Tuesday, 19 November 2019

Beyond The Pipelines


Photo courtesy of NASA. Source: https://www.nasa.gov


I want to offer warm congratulations to the native peoples and activists who endured police abuse and freezing temperatures in their protest of the Dakota Access Pipeline. The images of dogs with bloodied mouths and hoses sprayed on the peaceful brought back unwelcome memories of Bull Connor in the 1960's. The Army Corps of Engineers, by order of President Obama, have declared that the pipeline by rerouted in such a way that it doesn't threaten native water or sacrilege native burial grounds. However, even if the pipeline is not pushed through that land, it seems likely to built elsewhere. This is still a problem. The current fight is all too similar of the one waged against the Keystone XL Pipeline, which would've transferred oil from the Alberta tar sands to the United States. (A project which the incoming president wishes to revive.) While it is great to protest individual pipelines, unless we transition quickly towards a green economy, stopping a single pipeline won't mean much in the long-term battle to preserve our environmental safety.

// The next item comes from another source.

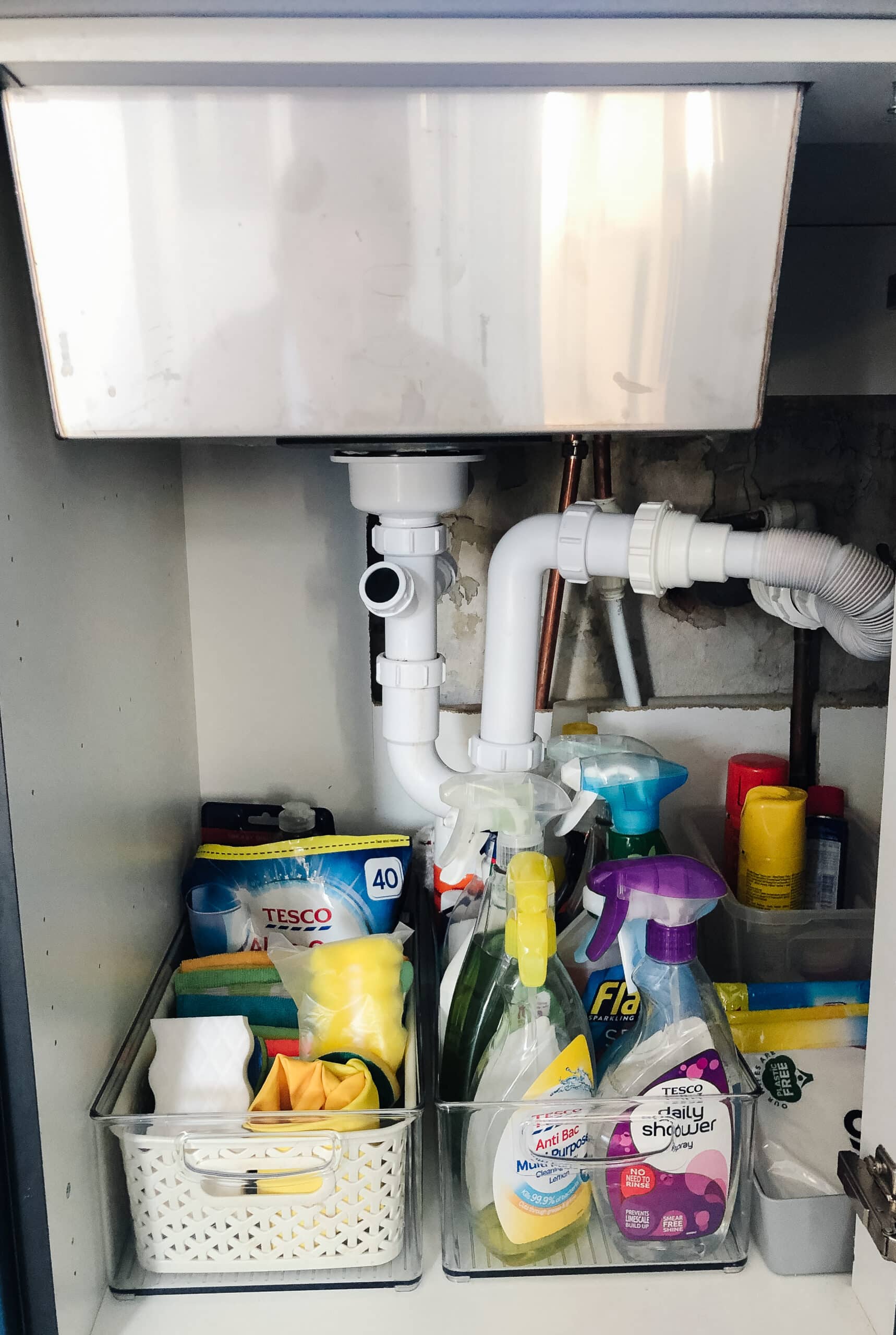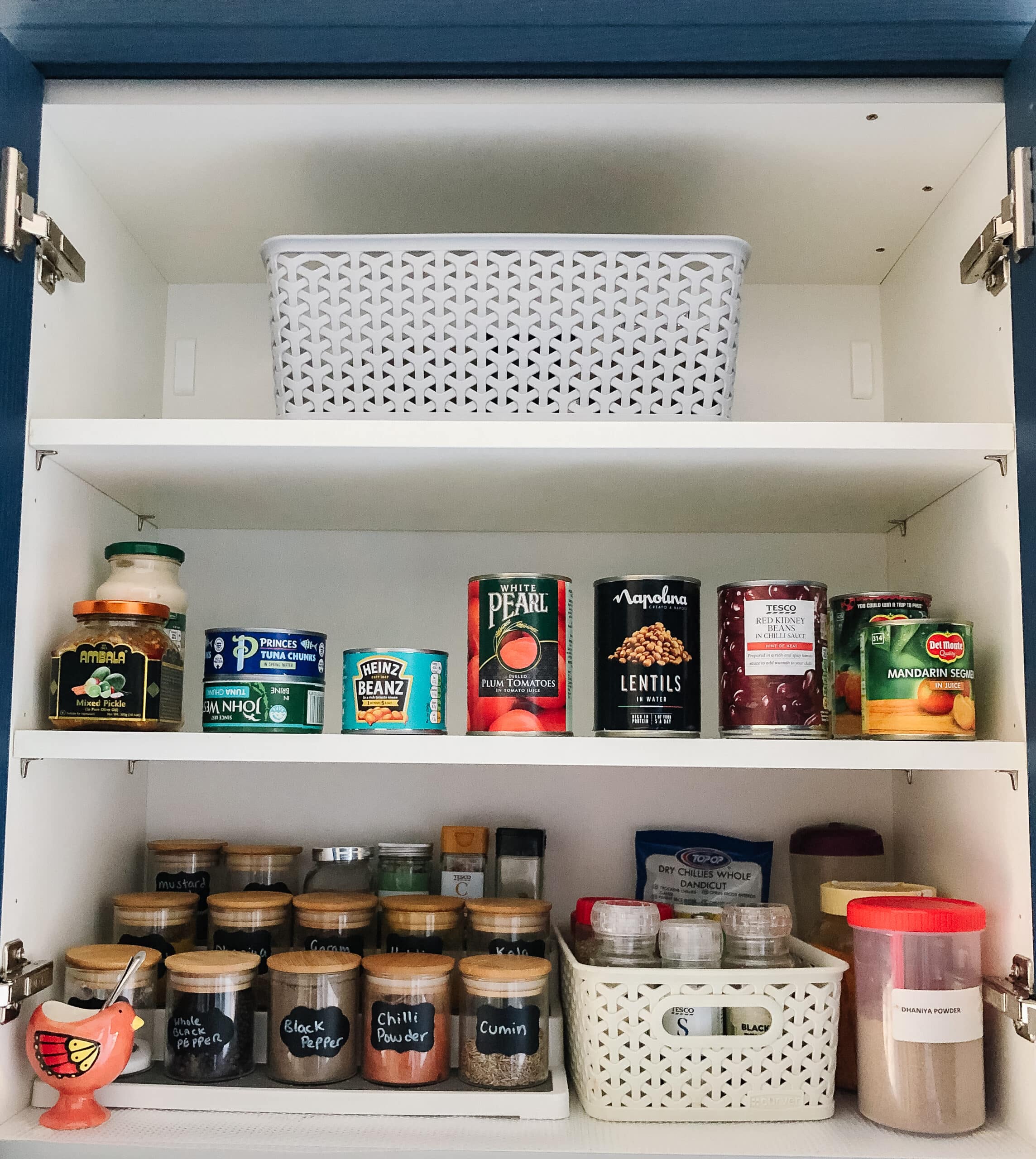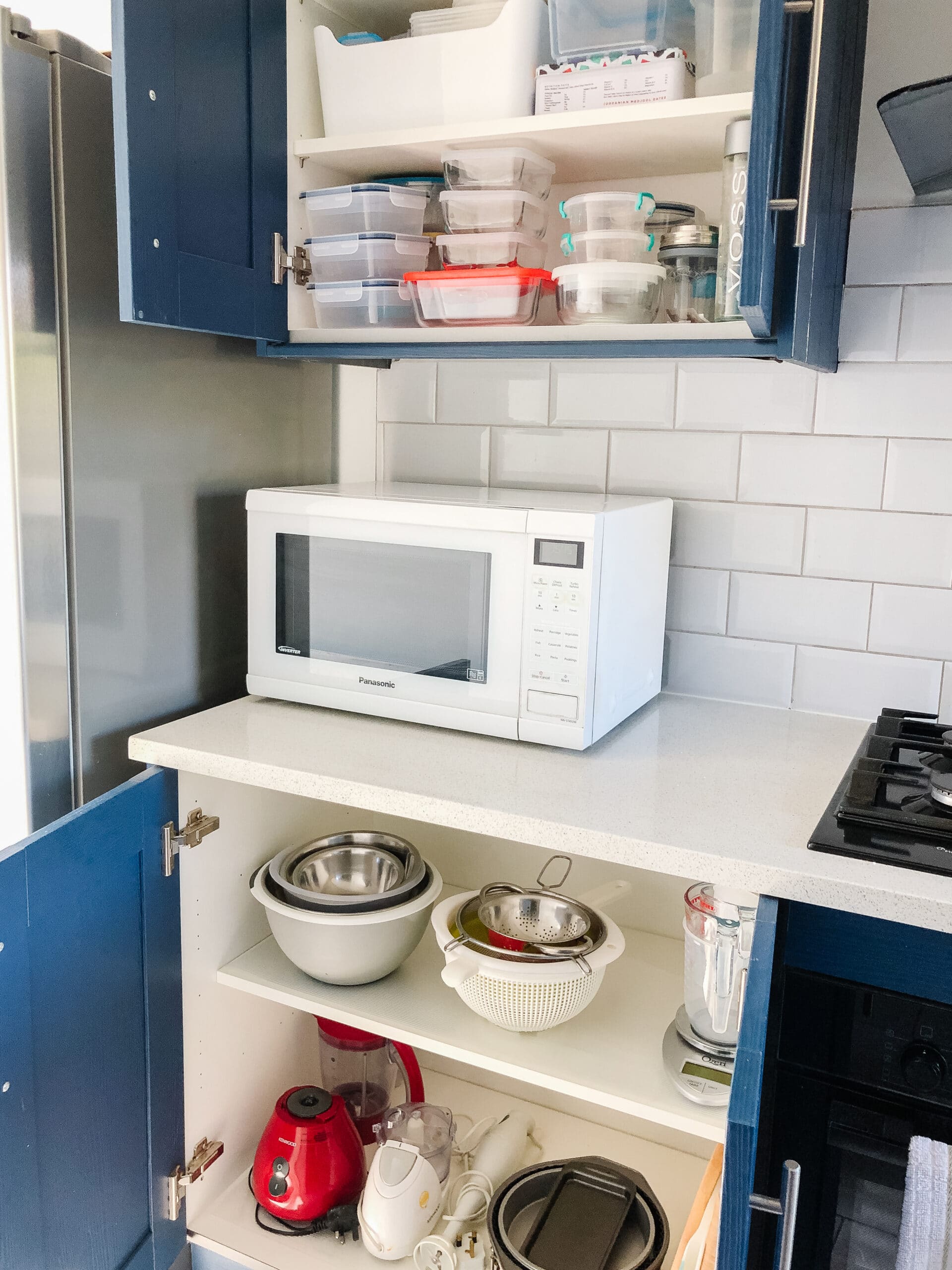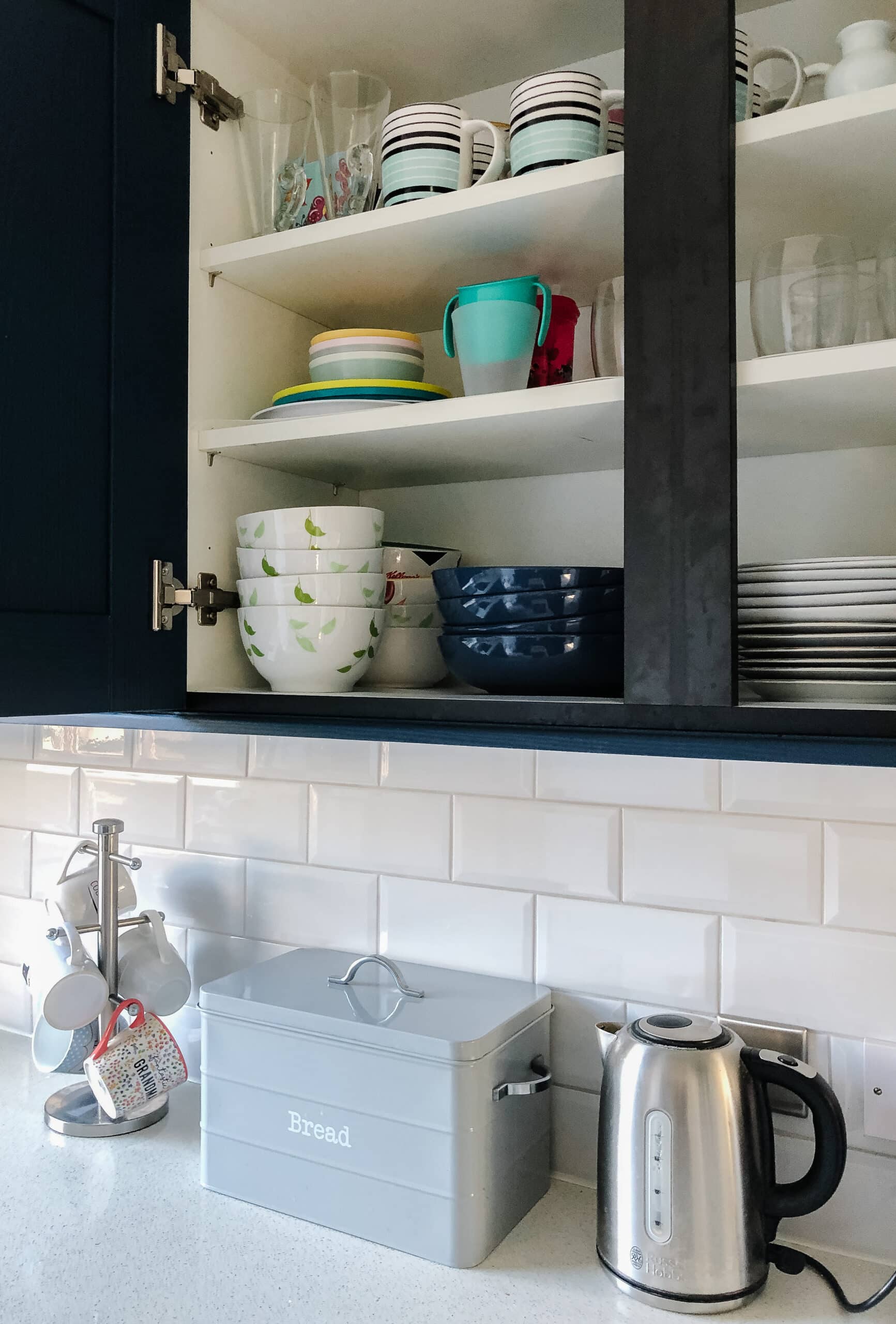To prioritise space for daily items, we moved less-frequently used baking items to a higher cupboard and serveware to a display cabinet in the dining room. This meant we could create a tea and coffee zone close to the kettle to make the space more efficient.

Unless we are able to harness the available reservoirs of solar, wind, geothermal, and perhaps even nuclear energy, America will inevitably have to rely on fossil fuels to sustain its energy economy. It's easy to point the finger at coal miners, pipeline builders, and offshore drillers, but these are all parts of an archaic system. Can individuals really be blamed for exacerbating environmental crises when the only tools for maintaining a decent life do just that? Should the responsibility not fall on the government to provide the people with greener alternatives, instead of lecturing them to cut back? When Republicans speak of energy independence, they often mean independence from reliance of Gulf states such as Saudi Arabia for our oil. Given how regressive we know many of these Arab tyrants can be, a liberation sounds well and fine, until you realize that this means a further exploitation of fossil fuels at home. This isn't independence. It's another form of servitude.

We can protest every constructed pipeline and attempted drill, but unless serious alternative energy sources are developed in a way that can compete on a comparable level, it seems improbable to ask of our engineers and entrepreneurs to stop full tilt. Green Party candidate Jill Stein was roundly criticized in the media (and not without good reason), but many outlets failed to emphasize what made her platform so popular in the first place. Stein offered a "Green New Deal" akin to the "New Deal" that Franklin D. Roosevelt passed in response to the crisis of the Great Depression. This phrase also refers to the radical economic mobilization we underwent domestically during World War II, in which we changed our economic tools to meet the threats of the Axis Powers.

Of course, many environmental activists already know and want these things. I preach to the choir, but I think it prudent to further emphasize this to the wider public. We cannot properly combat this problem by asking that a pipeline stop here or that we don't drill there. These are, again, important victories, but unless they become a part of a larger whole, they will turn pyrrhic. Whatever won't go by pipeline will go by rail. Whatever cannot be drilled will be fracked. So long as fossil fuels remain the only practical means by which we can gather energy: our air, water, land, and indeed, our way of life will all be at risk. It must emphasized to the incoming administration, as well as to the Republican Party, that anything less than a radical response to growing environmental catastrophe is both insufficient and unacceptable.